Chief Architect, Instrument Software and Science Data Systems Section (398)
Manager, Open Source Projects Formulation and Development Office (8212)
NASA Jet Propulsion Laboratory Pasadena, CA 91109 USA
Office: 168-519, Mailstop: 168-527
Email: chris.a.mattm...@nasa.gov
WWW: http://sunset.usc.edu/~mattmann/
++++++++++++++++++++++++++++++++++++++++++++++++++++++++++++++++++
Director, Information Retrieval and Data Science Group (IRDS)
Adjunct Associate Professor, Computer Science Department
University of Southern California, Los Angeles, CA 90089 USA
WWW: http://irds.usc.edu/
++++++++++++++++++++++++++++++++++++++++++++++++++++++++++++++++++
On 9/13/16, 8:35 PM, "Bob Paulin" <b...@bobpaulin.com> wrote:
Hey Nick,
Thanks for the thoughts. Just to clear a few things up. The version of
the app on my github does already include all the parsers as the current
app does. If you build it and run --list-parsers you'll see them
there. As for the desire to quickly test new bits I think much of the
OSGi stuff has been abstracted away. For an example see the example
folder [1]. The only additions are the Activator class (which is
identical for all the current bundles) and the maven-bundle-plugin in
the pom.xml. But don't take my word for it why not give it a spin?
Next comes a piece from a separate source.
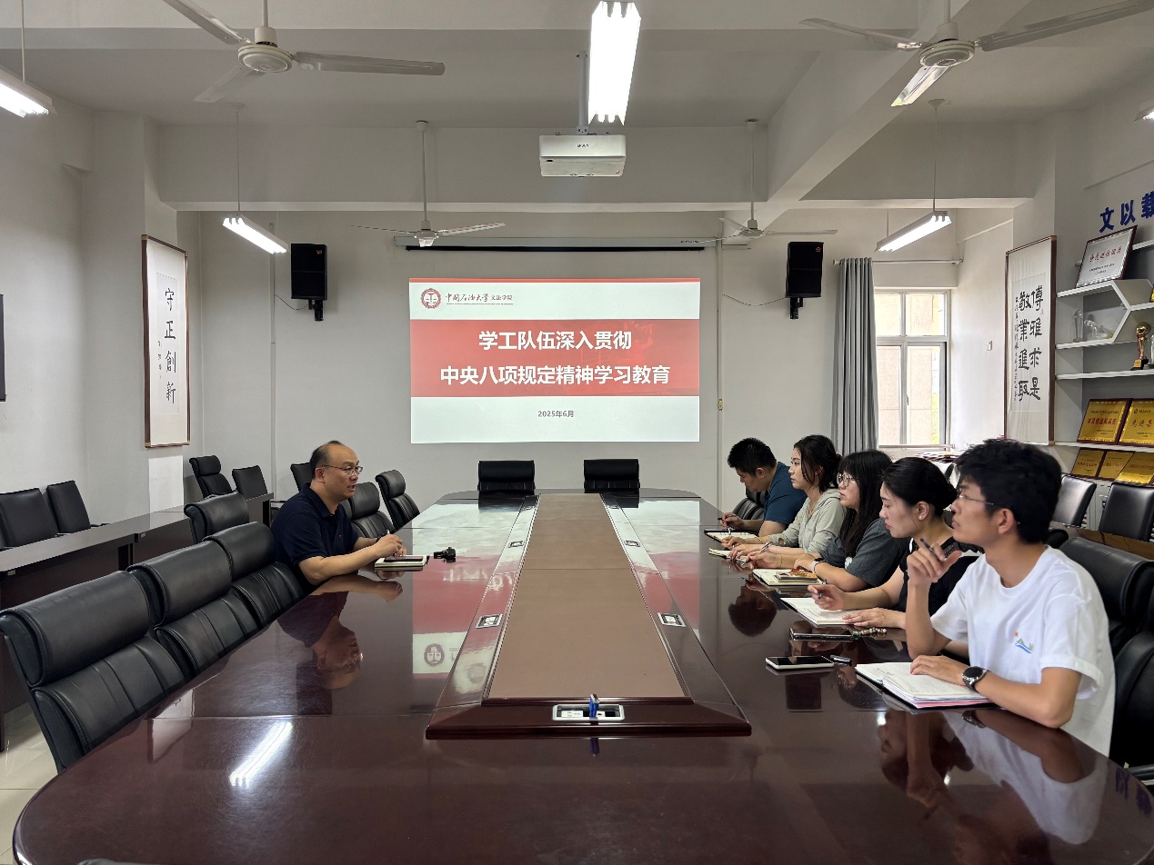 为深入学习贯彻中央八项规定精神,进一步强化辅导员队伍党性修养和作风建设,6月6日,永利yl23411集团学工队伍召开深入贯彻中央八项规定精神学习教育专题学习会。学院党委副书记陈熙主持会议,全体专职辅导员参会。

As for the use cases I would say consider whenever we upgrade or add
parsers/detectors/encodingdetectors/languagedetectors we .may introduce
new dependencies or new versions. For example the pom for the tika-app
currently pulls in 3 different versions of commons-io, 2 versions of
commons-codec, 2 versions of Guava. Maven resolves to just one version
in the final build but the effect is that every part of the code must
work with the selected version. In the OSGi version of tika-app the
modules can have different versions of the dependencies within the same
app. Also within TIKA-1285 [2] it could have been possible to support 2
different versions of PDFBox within different OSGi bundles. So I see it
as more of a gain but I'd be interesting in hearing if there is any
degradation in the development experience.
- Bob
[1]
https://github.com/bobpaulin/tika-app-osgi/tree/master/examples/dummy-parser-bundle
[2] https://issues.apache.org/jira/browse/TIKA-1285
On 9/13/2016 3:38 PM, Nick Burch wrote:
> On Sun, 11 Sep 2016, Bob Paulin wrote:
>> I'd like to propose a new Tika App for the 2.0 branch. One of the
>> reasons we broke apart the Tika parsers into modules was due to the
>> complexity of having to deal with all the parser dependencies and
>> transitive dependencies. Now developers can use just the modules
>> they want without pulling the kitchen sink with it. Unfortunately
>> this approach doesn't simplify the problem in the tika-parser or
>> tika-app project where the whole kitchen sink comes together again.
>
> One of the nice things about the tika app (and server) is you do get
> everything, so it's very easy to test and get started with!
>
> Another nice thing is that you can test small changes (eg a new parser
> or a new mime type) quite quickly, just by using the tika app jar on
> your classpath along with your customisation. Makes it very easy to
> try out new things if you're a new developer, and I find usually
> easier than firing up eclipe if I just want to try a new mime type
> change for someone.
>
>
> More modular versions of the Tika server I could certainly get behind,
> if we haven't already done so!
>
> For the app, are there that many use cases for it where you might only
> want some of Tika? (Most people calling Tika from another language
> would likely be better off with the server, to avoid the JVM
> start/stop overhead).
>
> Would the new osgi version make it harder for people to test new bits
> with tika? For one example, whenever we've done a hackathon and are
> helping people with a new parser, helping them get their new parser
> used with just the app is about do-able. I fear if we made them also
> learn osgi + build a bundle, at that stage when they're trying to do a
> "hello world", we'd loose them :/
>
> The github project does look interesting though! I'd hate for us to
> get a few shiny new bits, but loose some key bits important for
> newbies / quick-win developers in the process though...
>
> Nick
>